The most recent findings provide a difficult conundrum for parents. Sports are essential for children and teenagers because they get them moving, keep them socialising, and teach them a variety of life skills. This is true whether the sport involves a lot of physical contact, as in ice hockey, or relatively little, as in basketball. Is it really worthwhile to participate in particular sports if doing so puts a child’s developing brain at a greater risk of suffering from irreversible and life-altering damage?

CTE Presents Itself in Childhood; Head Injuries May Lead to Depression
The researchers started off by analysing brain samples to look for indications of chronic traumatic encephalopathy (CTE), which is characterised by an abnormal accumulation of a protein known as tau, as well as indicators of damage to white matter and other types of brain tissue. All of the samples were taken from the UNITE Brain Bank, which is managed in collaboration with the United States Department of Veterans Affairs and the Concussion Legacy Foundation. This bank houses a collection of more than 1,400 brains that were donated for scientific research following the donor’s death.
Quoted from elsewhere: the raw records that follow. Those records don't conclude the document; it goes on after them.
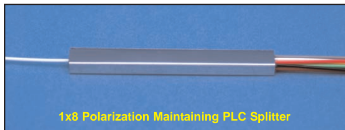
1x8 Polarization Maintaining PLC Splitter

In general OZ Optics uses polarization maintaining fibers based on the PANDA fiber structure when building polarization maintaining components and patchcords. However OZ Optics can construct devices using other PM fiber structures. We do carry some alternative fiber types in stock, so please contact our sales department for availability. If necessary, we are willing to use customer supplied fibers to build devices.
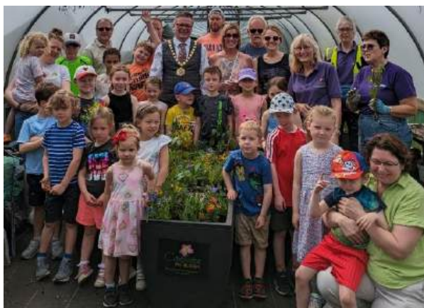
IYN BHPG spring open day

Kid's tubs planted; winter bedding removed, primulas distributed to schools, care homes, etc.
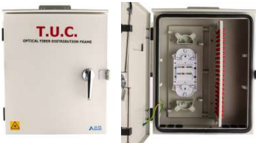
P/N : WOA A120F
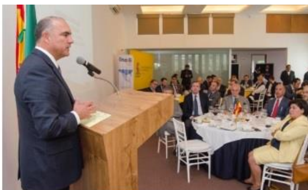
José Calzada Rovirosa, Titular de la SAGARPA
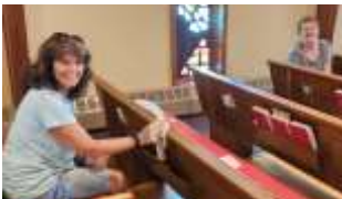
Cleaning Day June 4
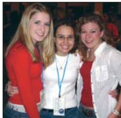
There was plenty of time to renew old friendships
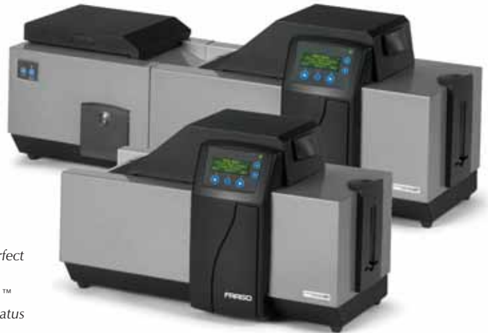
HDP600 Card Printer/Encoder (shown with and without optional Lamination Module) is ideal for technology cards used in government, military, university or high-security corporate applications.

THE NEXT GENERATION | OF FARGO INNOVATION
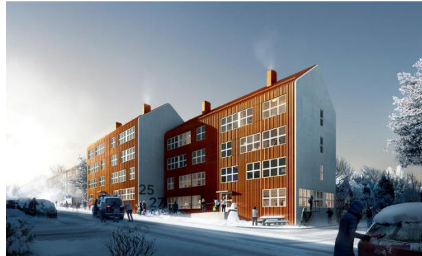
Figures 5 & 6. Presentation of building volumes.

residential rooms. The average rent for the dwellings is 1,599 SEK per sq m/year. These apartments provide 28 sq. per tenants as living area (private room and common space). The rent in this case is 3,728 SEK per month. The jury's evaluation of this solution of the task is stated as follows:
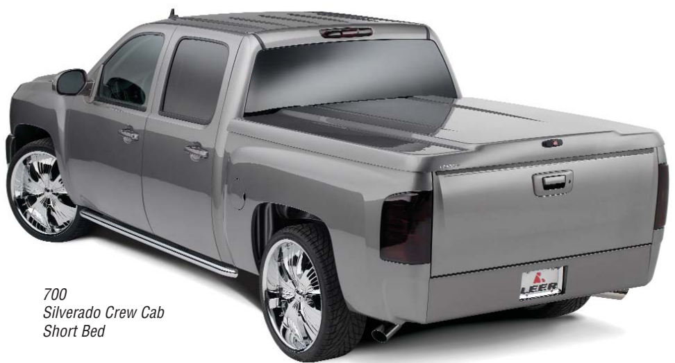
700 Silverado Crew Cab Short Bed
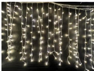
Curtain Christmas Lights
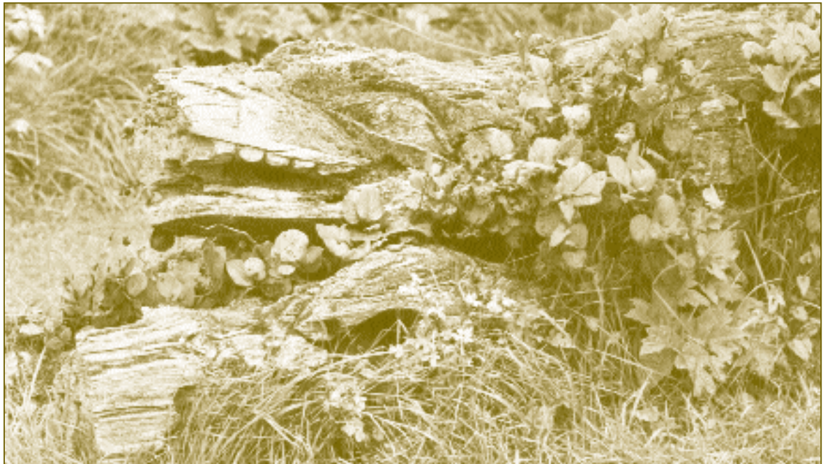
Figure 6 An example of the third type of CMT. An archaeological treasure from the Mamalilaculla Village, off the north coast of Vancouver Island.

The coastal rainforest is a living testimony to the strength, skill and knowledge of aboriginal woodworkers and barkworkers of the northwest coast. In a sense, it is a living museum that displays evidence of the tools, technology, and raw materials that shaped the lives of the people who used them. These remains, and the forests within which they are situated, have special significance for the descendants of the people who created them.
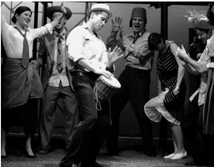
Figure 5.2b. The Trojan Horse of Modernism. Scenes from the musical Here Comes the Youth! depict stiff and repressed ZMP members before the World Youth Festival and ZMP members ‘injected with freedom’ once the festival is underway.
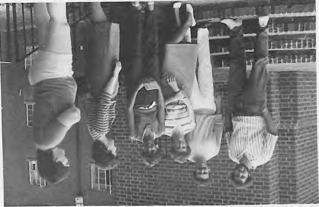
Members of the class of 1984 gathered at Dover Chapel for their reunion.
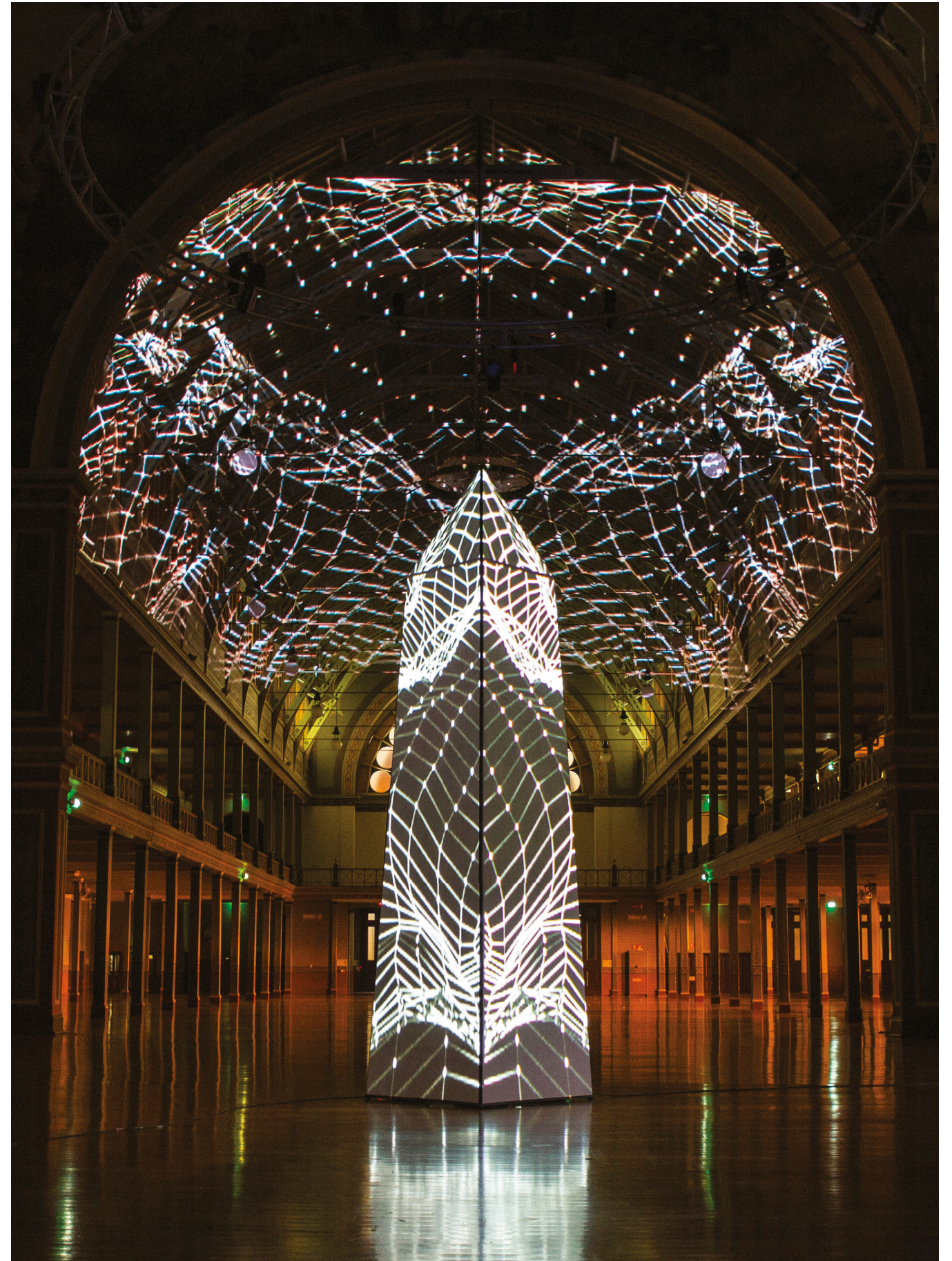
Kit Webster. Obelisk . 2016. Live mapped Obelisk and building projections. Construction: Simon Lansell. Virgin Australia Grand Showcase Featuring Dion Lee.
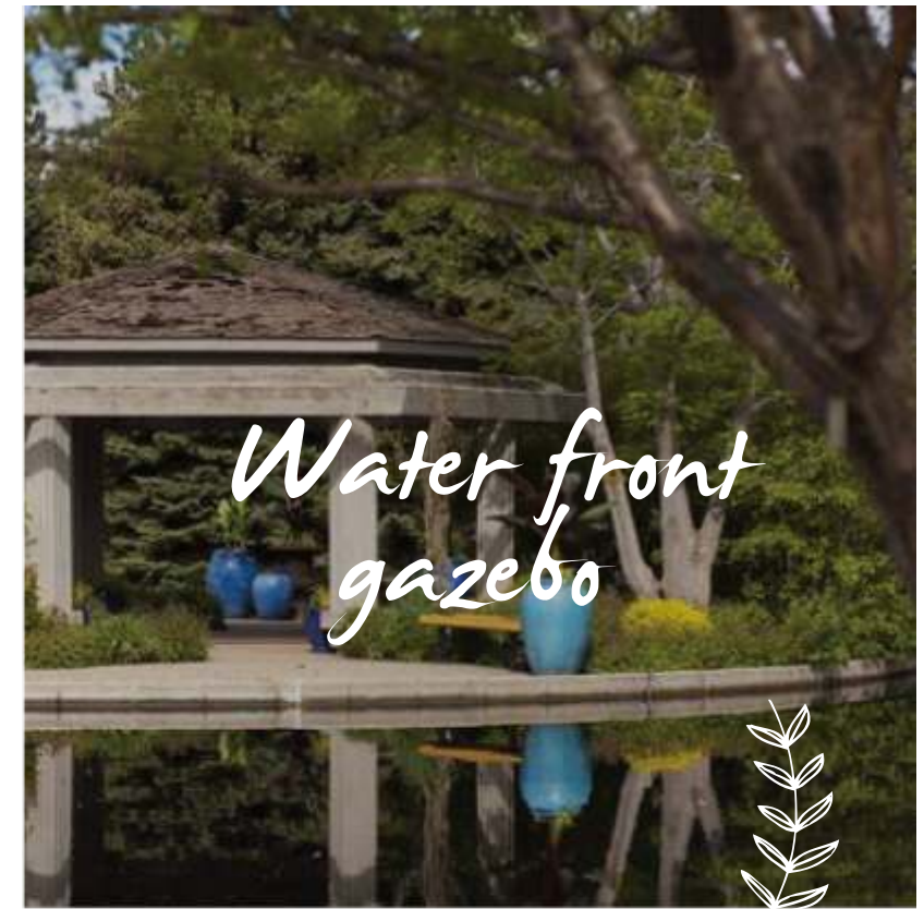
Water front gazebo
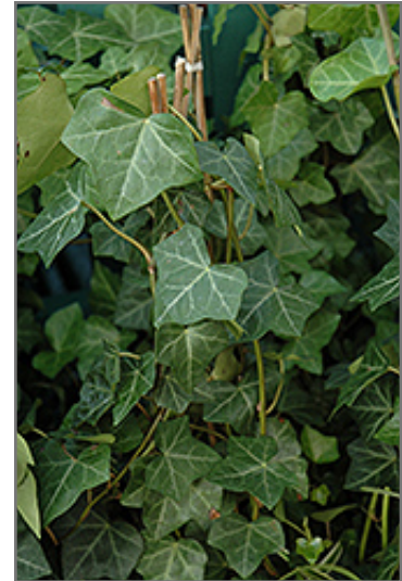
Thorndale Ivy foliage
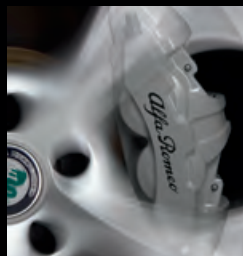
Silver 4-piston brake calipers Standard on Sprint and Ti
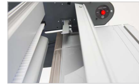
Automatic lowered pressure bars to hold the material in place while cutting
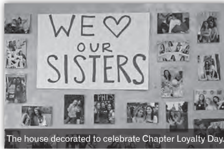
The house decorated to celebrate Chapter Loyalty Day.
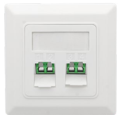
FWO-CS-LC/APC-2 Adapter access opened
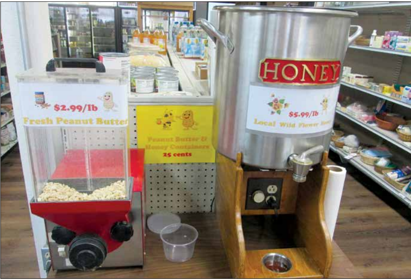
Sunshine’s customers can dispense their own local wildflower honey.

Badal explained that stock is “based on customer demand,” meaning that the
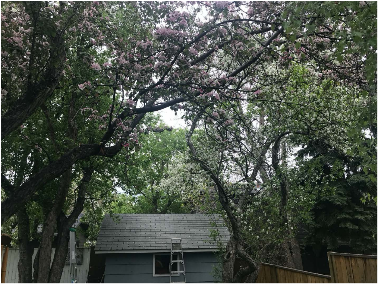
Our backyard in Spring. You can see why we love spending time out here.

If we no longer have a sound wall and only have a chain link fence, then how can that SWBRT promise be fulfilled to citizens? And how is this fair to residents, or community associations that supported the project because of this assurance?
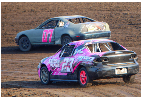
Brenden Fleming #07, Alyssa Thies #23A
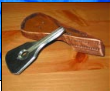
Inset above: a modern Russian khomus in the shape of a guitar
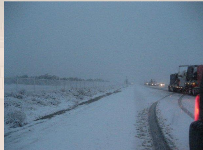
January 2010, Cajon Pass, CA
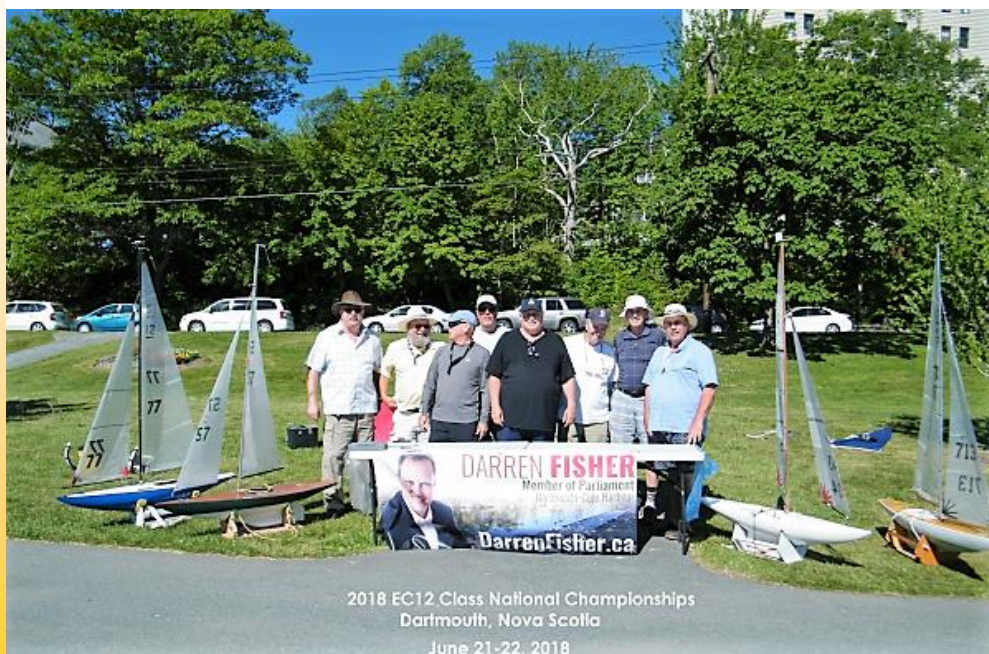
2018 EC12 Class National Championships Dartmouth, Nova Scotia June 21-22, 2018
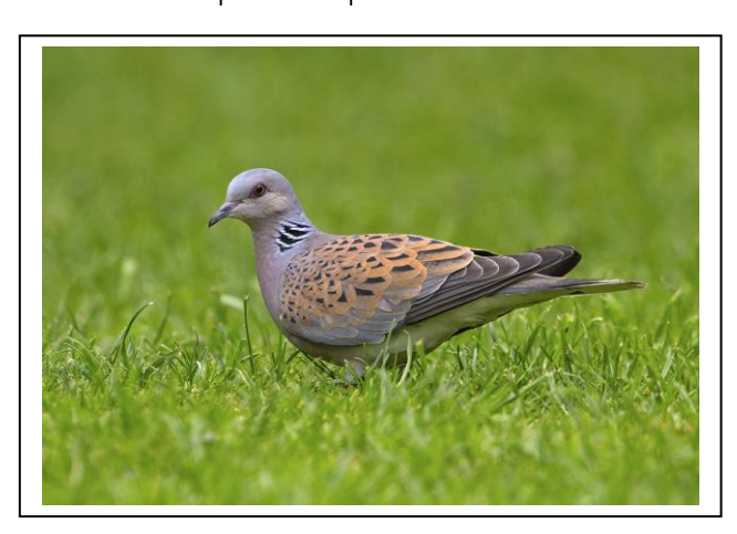
Turtle Dove

Cost and What's Included: £385.00 per person based on a single room. Reductions available for sharing please enquire for prices. All food, guiding and transport included. Pick up and drop off from local train station available on prior arrangement.
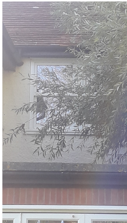
Figure 2. The canopy blocking the bedroom window.
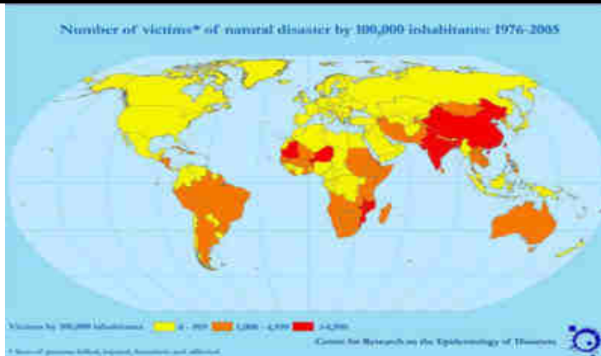
Fig.1: loss of life and property due to disaster around the world.
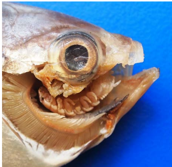
Fig. 2. Norileca indica Milne-Edwards, 1840 inside the buccal cavity of Rastrelliger kanagurta (Cuvier, 1816).
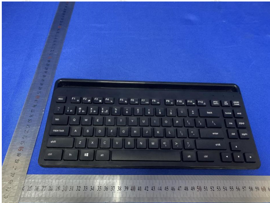
View of Product-1
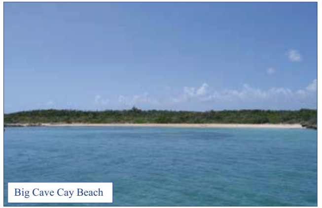
Big Cave Cay Beach
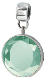
Light Green Bead August 255999
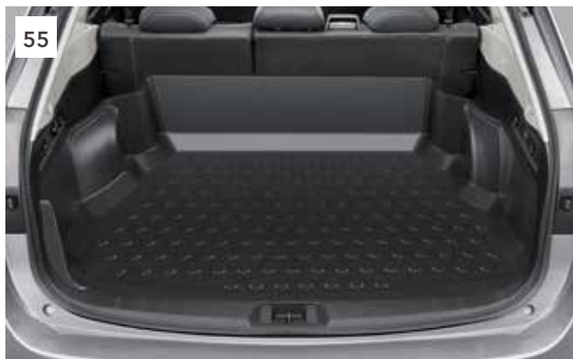
55 Cargo Tray Deep J501ESJ100

Extra protection for the luggage space. Suitable for fishing and hunting.

The results of that neuropathologic study revealed that the majority of the athletes diagnosed with CTE were in the disease’s early, mild stage, while only a tiny number, three, had progressed to the third stage of the disease’s four phases. (Another recent study conducted at the BU CTE Centre found that playing tackle football at a young age was associated with a loss in brain function later in life.) At this time, CTE can only be identified after a person has passed away.

Even if the sportsmen did not have CTE, the researchers found that the majority of them suffered from clinical symptoms during the brief time that they were alive. This was determined by the researchers through in-depth interviews with the family of the donors. Over seventy percent of them suffered from apathy, and a comparable proportion struggled with depression. Furthermore, over fifty percent of them struggled to maintain control over their behaviour, and many of them struggled with substance abuse as well.

McKee, a professor of neurology and pathology at the BU Chobanian & Avedisian School of Medicine, is also the chief of neuropathology at the VA Boston Healthcare System. He is a William Fairfield Warren Distinguished Professor. “Those symptoms might be a result of the head injury itself,” McKee adds. According to the findings of the study, some of the symptoms that these young athletes are reporting are not due to the early tau pathology that is associated with CTE. The blows to the head themselves could induce damage to the white matter as well as vascular injury, which would result in a breach of the blood-brain barrier.

The conclusion that she and her colleagues came to was that even just a couple of additional years of experience on the pitch made a significant difference. Those who were diagnosed with CTE had an average playing career that was 3.8 years longer than those who did not have the condition.

The UNITE Brain Bank primarily accepts donations from individuals who have been concerned about their brain health throughout their lives. The study did not include any samples from young people who participated in sports that did not involve physical contact. According to McKee, it is shocking how many cases of CTE have been documented in young people who participate in contact sports when compared to the general population.

According to McKee, “this study demonstrates very clearly that the pathology of CTE starts early.” It is astonishing that more than forty percent of young contact and collision sport athletes in the UNITE Brain Bank have CTE, especially when one considers that research conducted on community brain banks indicate that less than one percent of the general population has CTE.